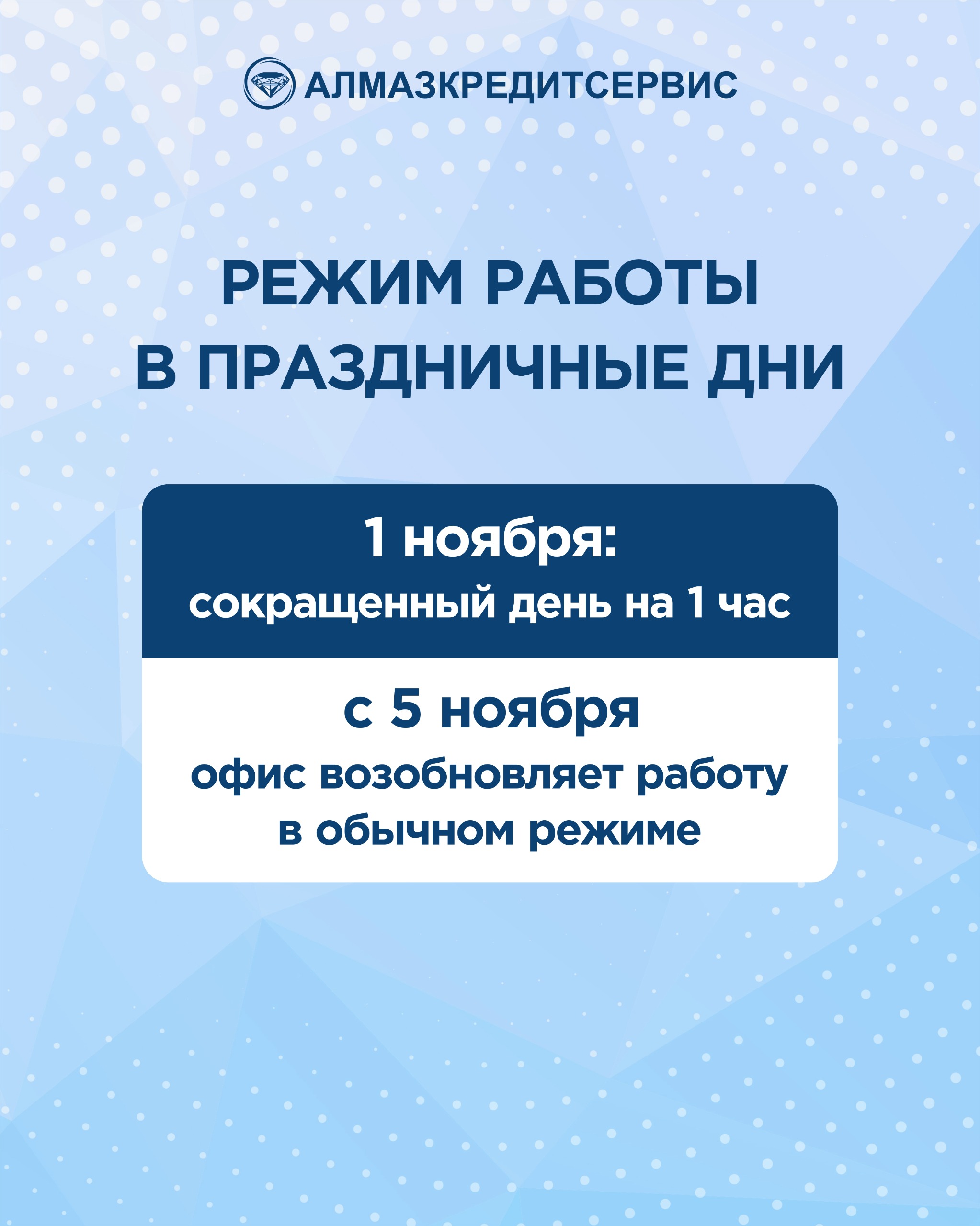 С 5 ноября — офис «Алмазкредитсервис» возобновляет работу в обычном режиме
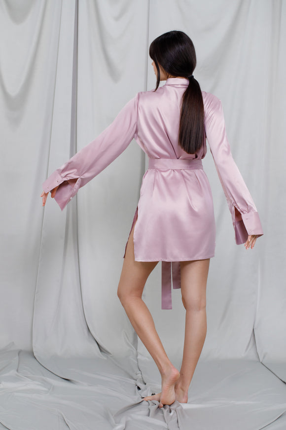 Short shirt in pale pink silk
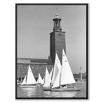 Plakat med et vintagefotografi av Stockholms rådhus i 1938.
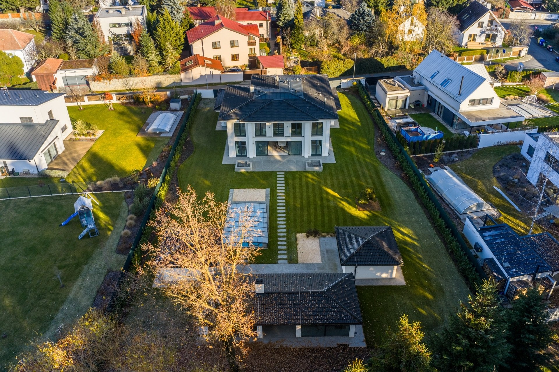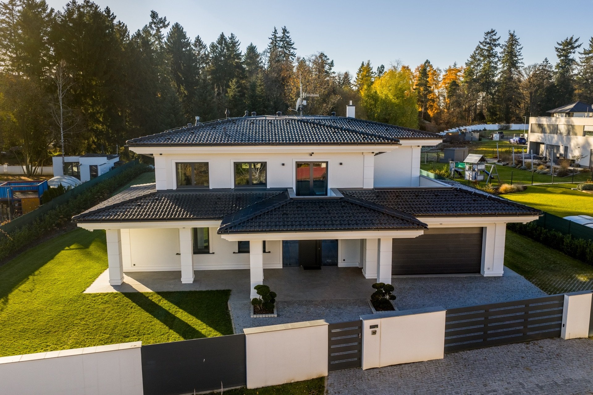 Nabízíme k prodeji exkluzivní vilu v jedné z nejprestižnějších rezidenčních lokalit – v Průhonicích u Prahy. Elegantní Villa Lumière, o celkové užitné ploše 590 m² s pozemkem 2 287 m², je situována jen pár kroků od Průhonického parku a je doslova domovem plným světla. Nadčasová architektura vznikla pod dohledem renomovaného architekta a designéra. Spojuje špičkové materiály, precizní řemeslné zpracování a harmonický interiér, který je založený na kombinaci přírodních materiálů, jako je dřevo, sklo a kámen.
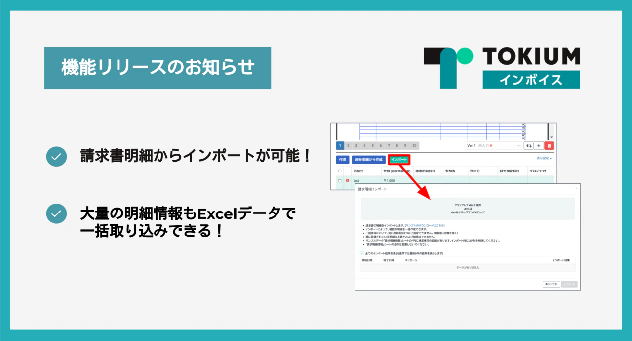 Excelファイルのインポートによる明細の一括作成が可能となりました。
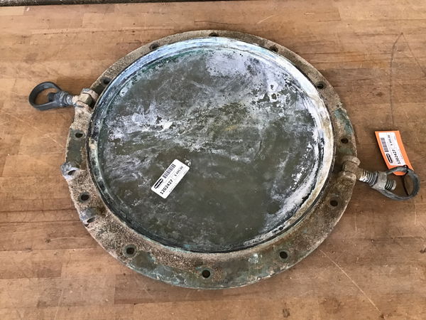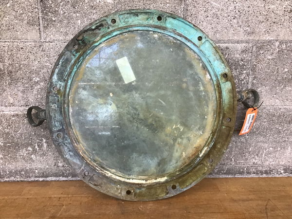 The 16 1/4" diameter plate glass is intact on this brass framed porthole window, but there's no exterior cover for it. The glass does not "open" on this one.

▸ **TASK DESCRIPTION**:
An exact transcription is needed, covering the line with "Nabízíme k prodeji" and every line after it to the end of the entries, but not the pictures.

▸ **YOUR SOLUTION**:
 Nabízíme k prodeji exkluzivní vilu v jedné z nejprestižnějších rezidenčních lokalit – v Průhonicích u Prahy. Elegantní Villa Lumière, o celkové užitné ploše 590 m² s pozemkem 2 287 m², je situována jen pár kroků od Průhonického parku a je doslova domovem plným světla. Nadčasová architektura vznikla pod dohledem renomovaného architekta a designéra. Spojuje špičkové materiály, precizní řemeslné zpracování a harmonický interiér, který je založený na kombinaci přírodních materiálů, jako je dřevo, sklo a kámen.
 Excelファイルのインポートによる明細の一括作成が可能となりました。
 The 16 1/4" diameter plate glass is intact on this brass framed porthole window, but there's no exterior cover for it. The glass does not "open" on this one.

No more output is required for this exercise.